## WHAT IS EXPECTED
Return verbatim the lines that run from the one holding "Podemos guardar la" to the end of the listing, both ends included, without the pictures.

## DATASET EXCERPT
○ ○ ○ ○ ○ ○ ○

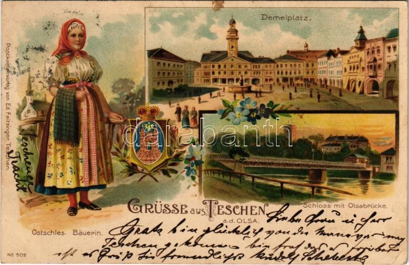 Leírás: 1903 Cieszyn, Teschen; Demelplatz, Schloss mit Olsabrücke, Ostschles. Bäuerin / square, castle, bridge, Upper Silesian folklore, coat of arms. Postkartenverlag Ed. Feitzinger No. 502. Art Nouveau, floral, litho (fl)
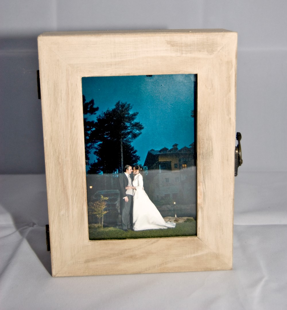 Podemos guardar la caja tal cual, para que se vean los rollitos por el cristal, o, una vez pasada la boda decorarla con una foto del gran día.
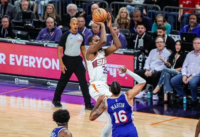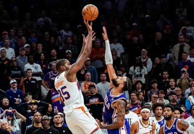 北京时间11月5日上午11:00,NBA常规赛的对决正在如火如荼地进行之中,菲尼克斯太阳坐镇主场,迎击费城76人队。本场比赛之前,太阳以5胜1负的战绩,排名西部第3,作为联盟账面实力最强球队之一,这才是太阳队应有的实力,三巨头杜兰特、布克和比尔联手,进攻火力直接拉满。相比上赛季,太阳三巨头一是配合更加默契,经历了一年的磨合,二是身体健康状态更好,去年三人可以说轮流因伤缺席,共同合作的场次没几场。新赛季,健康的太阳三巨头,势必要带队取得更大的突破,目前,三人的外线命中率都保持在4成以上。
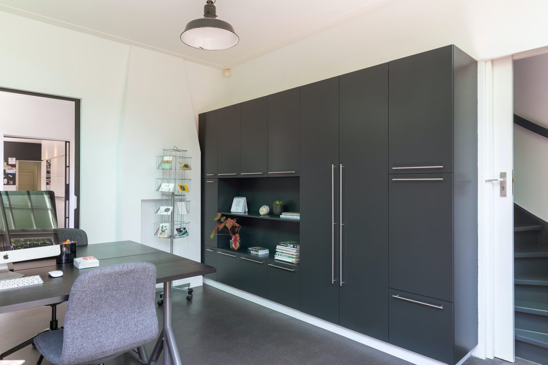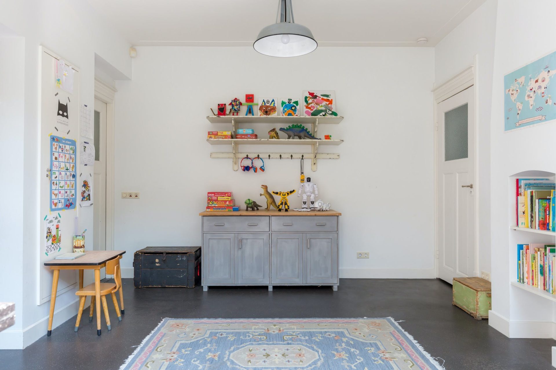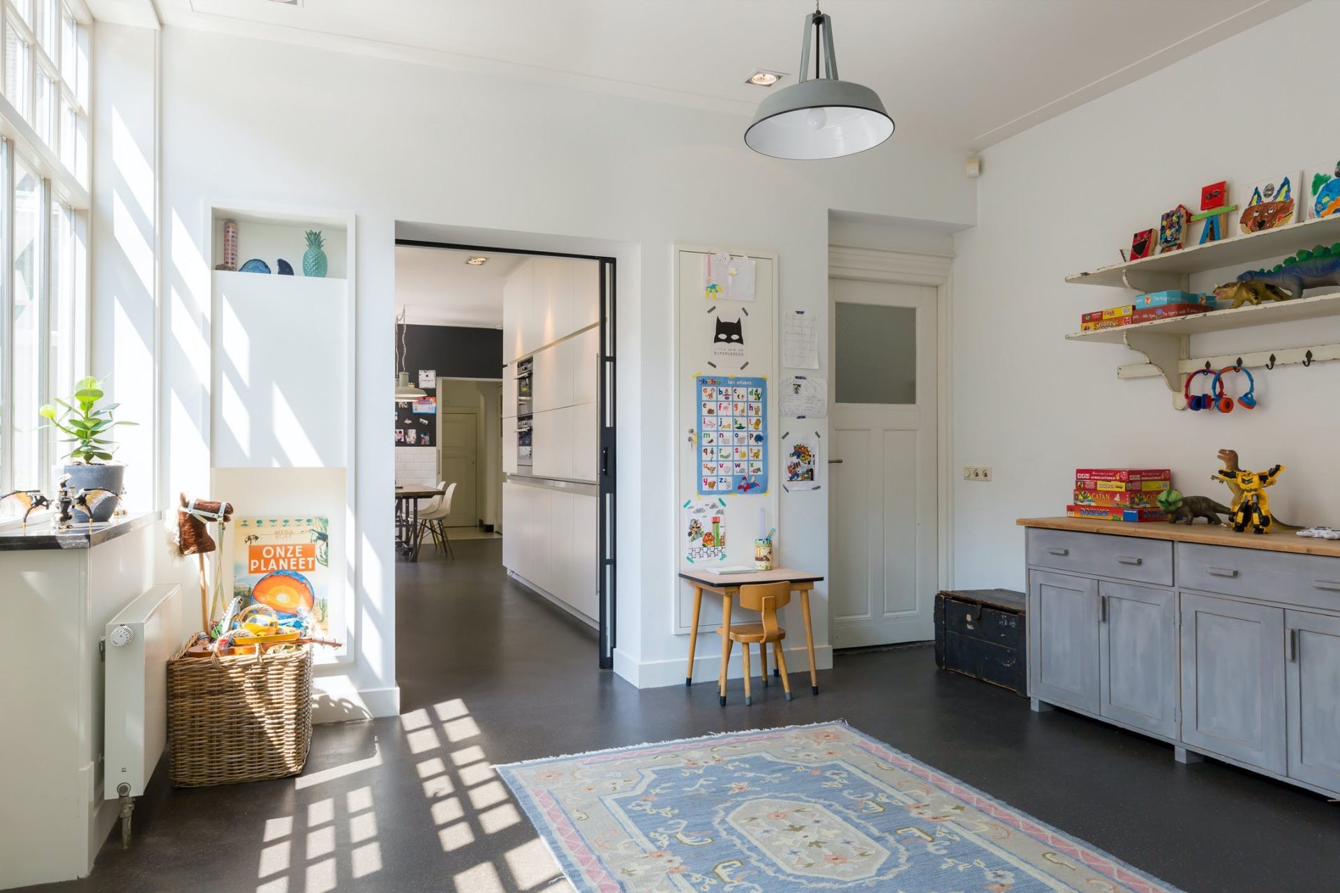De zwarte schuifdeur met glas verbindt de woonkeuken met de speelkamer met aansluitend een fijne werkkamer. In de speelkamer zie je een deur naar de tuin en links van de schouw is een deur naar de toiletruimte. De werkkamer heeft een op maat gemaakte kastenwand en, net als de speelkamer en keuken, een gietvloer met vloerverwarming. In de hoek van de werkkamer is de derde trap naar de eerste verdieping, waardoor het achterhuis zeer geschikt is als gastenverblijf.

○ ○ ○ ○ ○ ○ ○

## COMPLETED EXERCISE
 Podemos guardar la caja tal cual, para que se vean los rollitos por el cristal, o, una vez pasada la boda decorarla con una foto del gran día.
 北京时间11月5日上午11:00,NBA常规赛的对决正在如火如荼地进行之中,菲尼克斯太阳坐镇主场,迎击费城76人队。本场比赛之前,太阳以5胜1负的战绩,排名西部第3,作为联盟账面实力最强球队之一,这才是太阳队应有的实力,三巨头杜兰特、布克和比尔联手,进攻火力直接拉满。相比上赛季,太阳三巨头一是配合更加默契,经历了一年的磨合,二是身体健康状态更好,去年三人可以说轮流因伤缺席,共同合作的场次没几场。新赛季,健康的太阳三巨头,势必要带队取得更大的突破,目前,三人的外线命中率都保持在4成以上。
De zwarte schuifdeur met glas verbindt de woonkeuken met de speelkamer met aansluitend een fijne werkkamer. In de speelkamer zie je een deur naar de tuin en links van de schouw is een deur naar de toiletruimte. De werkkamer heeft een op maat gemaakte kastenwand en, net als de speelkamer en keuken, een gietvloer met vloerverwarming. In de hoek van de werkkamer is de derde trap naar de eerste verdieping, waardoor het achterhuis zeer geschikt is als gastenverblijf.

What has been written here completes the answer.